Il Comune revoca l’appalto perché l’ad della ditta era stato rinviato a giudizio: ricorsi rigettati
Sia il Tar sia il Consiglio di Stato hanno dato ragione all’ente municipale di Udine: l’amministratore delegato della società che si era aggiudicata i lavori per la potatura degli alberi era stato anche destinatario di due provvedimenti di sequestro preventivo per truffa e corruzione
Si era aggiudicata l’appalto triennale 2023-2025 per il servizio di potatura degli alberi del comune di Udine. Ma la soddisfazione per aver vinto la gara pubblica è durata poco.
Nel corso degli accertamenti effettuati dagli uffici di palazzo D’Aronco, infatti, era emerso come la ditta in questione avesse omesso informazioni dovute ai fini del corretto svolgimento della procedura di gara e, in particolare, il fatto che l’amministratore delegato dell’azienda fosse stato rinviato a giudizio per concorso in truffa e corruzione oltre a essere stato oggetto di due provvedimenti di sequestro preventivo.

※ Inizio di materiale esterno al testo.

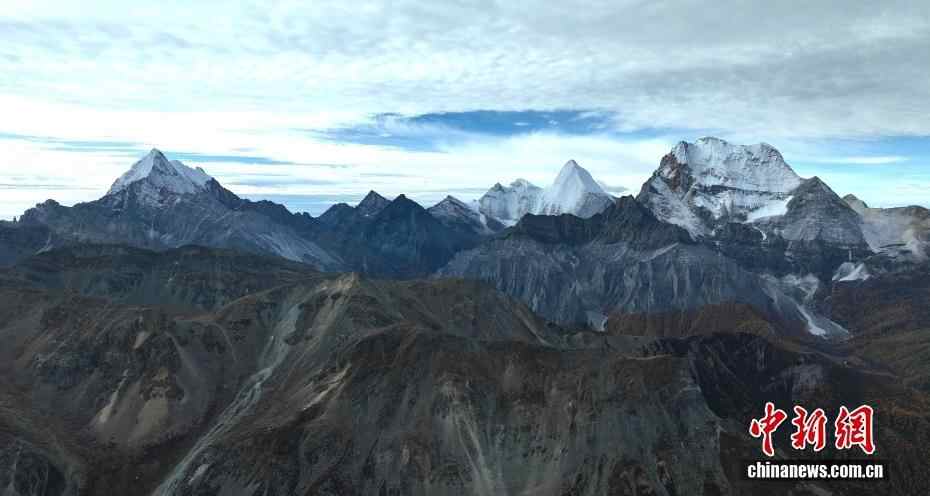 10月30日,在稻城亚丁风景区,航拍仙乃日峰、央迈勇峰、夏诺多吉峰(右起)。稻城亚丁风景区位于四川省甘孜藏族自治州,属国家级自然保护区、四川省级风景名胜区和世界生物圈保护区。亚丁藏语意为“向阳之地”,今年10月1日至10月28日,景区接待游客约18.9万人,其中海外游客超1万人。(无人机照片)
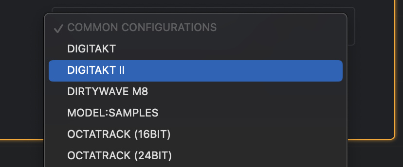 If the sample list is empty, choosing an option from the ‘Common Configurations’ list will set both the Working Sample Rate and the Target Sample Rate to the same value.

La ditta, però, non accettando la revoca decisa dal Comune, si è rivolta al Tar per chiedere l’annullamento del provvedimento richiamando «un eccesso di potere per falsa rappresentazione della realtà e difetto di istruttoria, nonché difetto di motivazione», considerato che i fatti contestati erano più vecchi di tre anni e che l’ad si era dimesso dalla carica.

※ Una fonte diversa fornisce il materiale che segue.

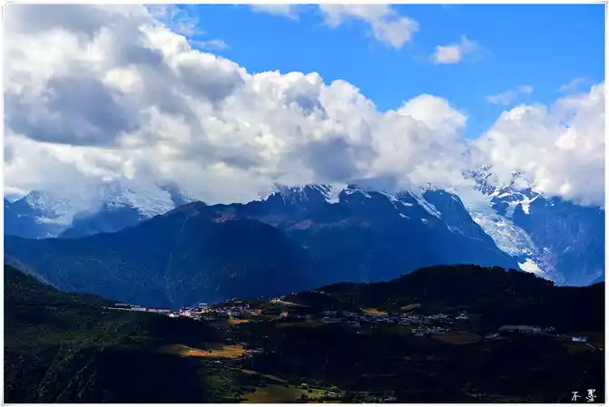 On the top of the mountain in the distance, under the white clouds and waves, the Meili Snow Mountain gradually revealed its true face.
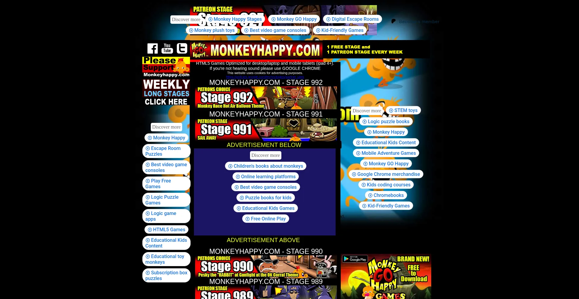 MONKEY GO HAPPY NEW STAGES -  Main Menu- Play Free Educational Kids Online Escape Games

Il Tar ha però respinto il ricorso e la ditta, assistita dall’avvocato Francesco Longo, si è rivolta al Consiglio di Stato. Ma anche i giudici della sezione quinta hanno rigettato il ricorso, dando quindi ragione al Comune, rappresentato, nel procedimento, dai legali Riccarda Faggiani, Giangiacomo Martinuzzi, Claudia Micelli e Natalia Paoletti.

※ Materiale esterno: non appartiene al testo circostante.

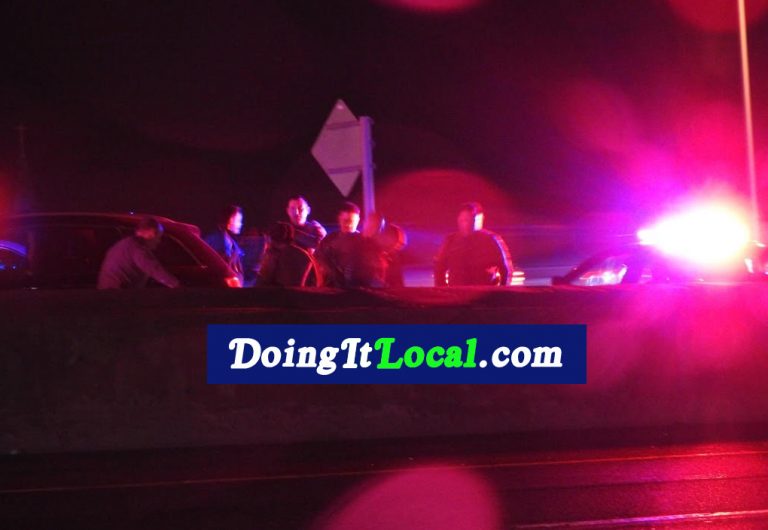 #cttraffic–UPDATE: The suspect in a blue Audi continued into Bridgeport as I predicted, hit a van near exit 29 and was boxed in at 27A. Viewer Oscar captured the suspect being taken into custody. Thanks, Oscar!
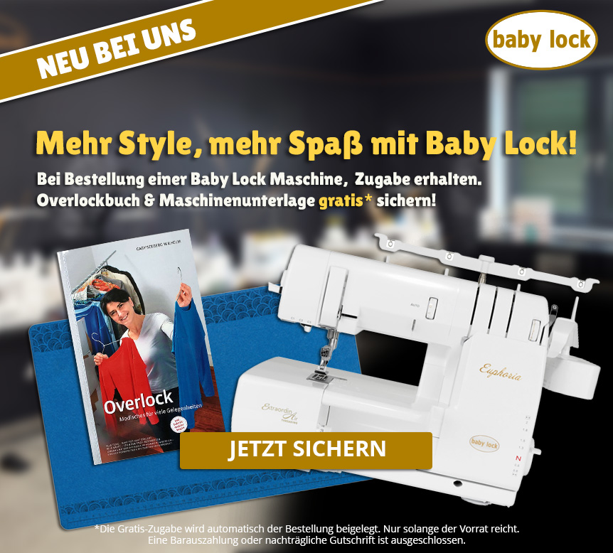 Bei Bestellung einer Baby Lock Maschine, Zugabe erhalten. Overlockbuch & Maschinenunterlage gratis* sichern!

Il Consiglio di Stato ha confermato alcune delle motivazioni già date dal Tar, sottolineando, ad esempio, per quanto concerne la “prescrizione” dei termini del rinvio a giudizio, che «l’esclusione può essere correlata alla pendenza di un procedimento penale idoneo a evolvere in illecito professionale alla stregua di una valutazione discrezionale condotta dalla stazione appaltante, che deve essere posta nelle condizioni di compierla grazie a una dichiarazione completa».
Per l’organo amministrativo, proprio l’omessa dichiarazione della ditta ha contribuito a «comprometterne l’affidabilità e l’integrità».
Il Consiglio di Stato ha quindi respinto il ricorso, considerando «legittimamente motivata» la decisione del Comune.